The second thing Trump has in his favour is that, to the people who voted for him and gave him that stunning win, think of him as nothing less than a hero. A poll taken on the anniversary of his election found that 82 per cent of those who supported him would do so again.
But it is not just among his hardcore supporters that Trump has sold support. Following a first term in which Trump rowed back on regulations Barack Obama had introduced at the Environmental Protection Agency, cracked down on immigration, enacted a version of his travel ban, got Neil Gorsuch confirmed on the Supreme Court and, crucially, oversaw a tax reform package the Republicans had not seen for 30 years, Trump can present himself to the GOP as a man who has delivered on his promises.
In a recent article headlined “Republicans Are Coming Home To Trump”, the polling and politics website FiveThirtyEight reported that a Gallup poll put Trump’s approval rating among self-identified Republicans at 86 per cent. “It was the third straight week that his rating was above 85 per cent – an improvement compared with 2017,” it said.
For all the major issues facing the US – climate change, inequality, racial tension, gender struggles and Trump’s puerile and bullying use of social media – when it comes to voting, for most Americans no issue is more important than that of their wallets.
If people feel the economy is doing well, that their job is safe, that they have a little more money left over at the end of the month, then they typically tend to vote not to change that.
Right now, unemployment stands at 4.1 per cent, a 10-year low.
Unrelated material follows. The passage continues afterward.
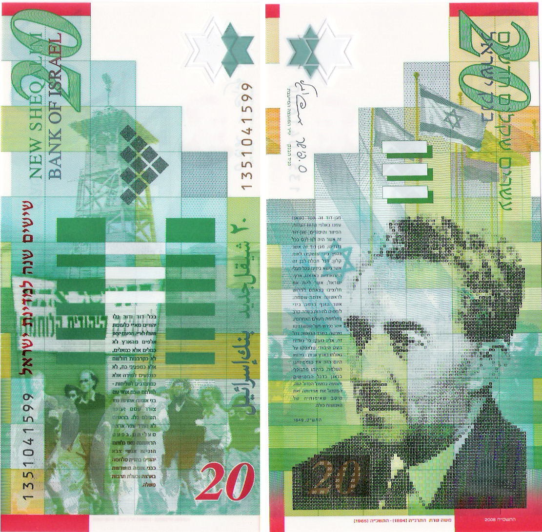 Obverse & Reverse side of a 20 NIS bill, made of polypropylene.

While much of the credit for that belongs to Barack Obama, Trump has already seized it as his victory. Wages in the United States increased 4.4 per cent in November of 2017 over the same month in the previous year, and they seem set to continue – a figure that could equal anything during Obama’s term.
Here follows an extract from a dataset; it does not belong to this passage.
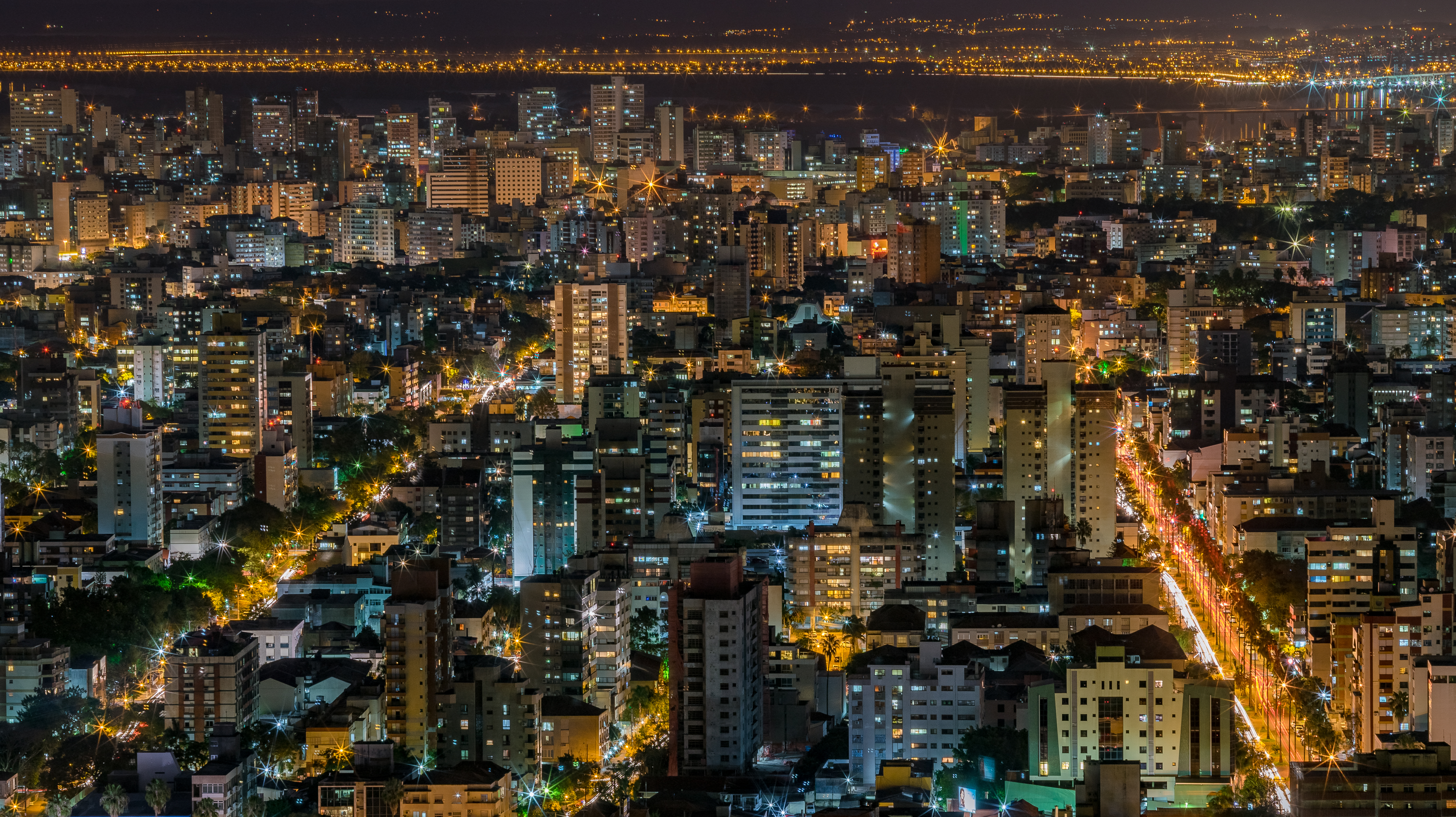 Porto Alegre at night from the Claro building tower. Lens was at f/22.

The other, crucial thing the President has in his favour is that for all of the anti-Trump sentiment that exists in the country, the Democrats do not look battle-ready.
A series of special elections have revealed that the party has not agreed to a solid or substantial platform other than opposing Trump. As many party figures have said, they need to offer voters a genuine alternative message, especially on economics.
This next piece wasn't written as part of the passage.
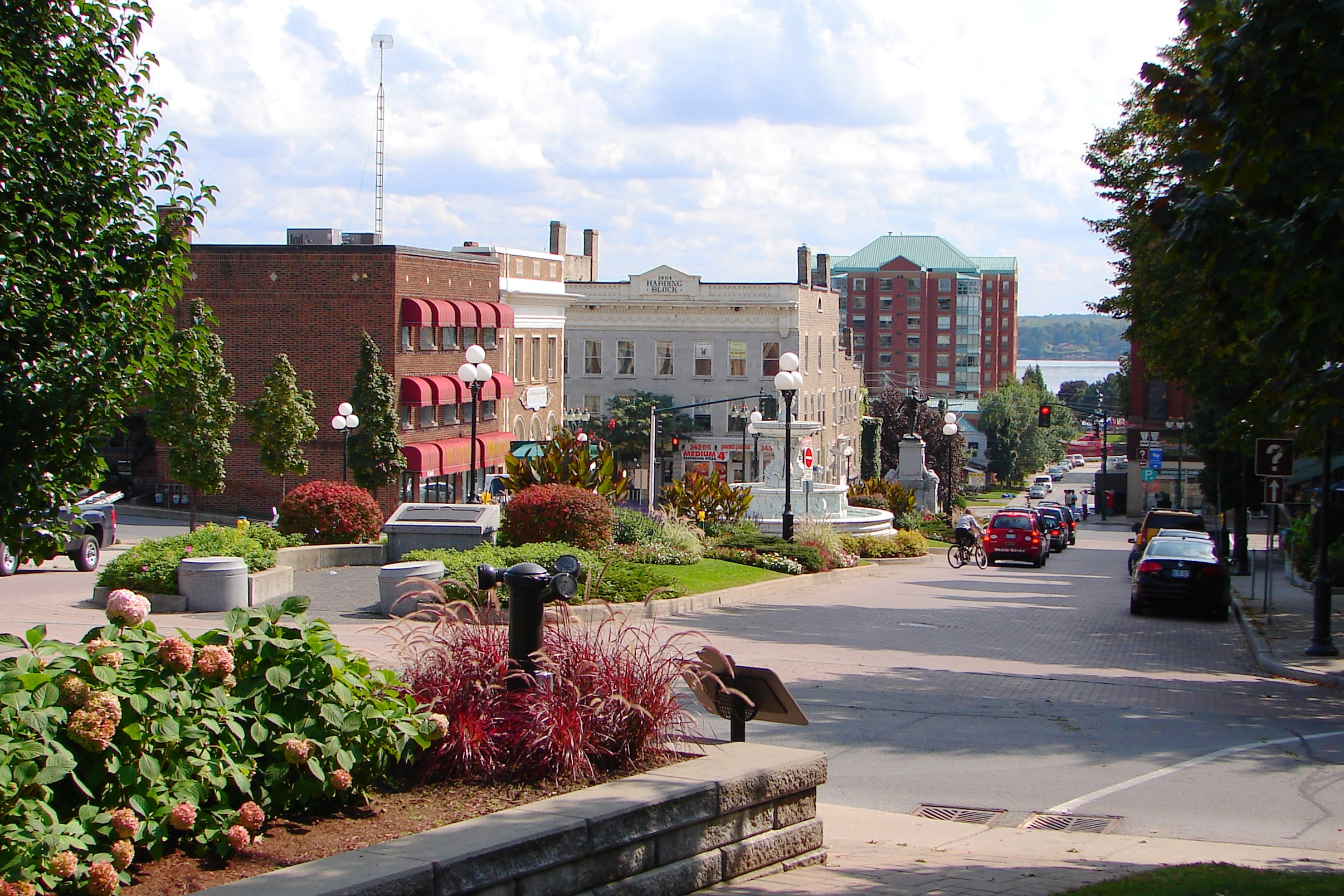 Broad Street in Brockville, Ontario, Canada

Indeed, often it seems the party is still having the same fight over which it split in 2016, as it sought to decide whether to opt for the cautious incrementalism represented by Hillary Clinton or the more radical change proposed by Sanders. And while there are a lot of very good, quality candidates within the party, the fact that the generation of yesteryear – 68-year-old Warren, Sanders, 76, and 75-year-old Joe Biden – are topping the polls offers little hope to those looking for new ideas. Nothing underscored the party’s haplessness more than the recent suggestion that Oprah Winfrey may do battle against Trump.
All of this is does not represent an endorsement of Donald Trump. From the perspective of anyone who values progressive ideas, who believes in science and empiricism rather than Chinese “hoaxes”, who supports the Paris Accord, who believes America is a nation of immigrants of all colours and all faiths and is a better place for it, who believes women should be respected and valued rather than insulted, and who thinks tax cuts should help the poor and not just the wealthy, then Donald Trump’s first term has so far been an abomination.
But that does not mean he is not going to win a second.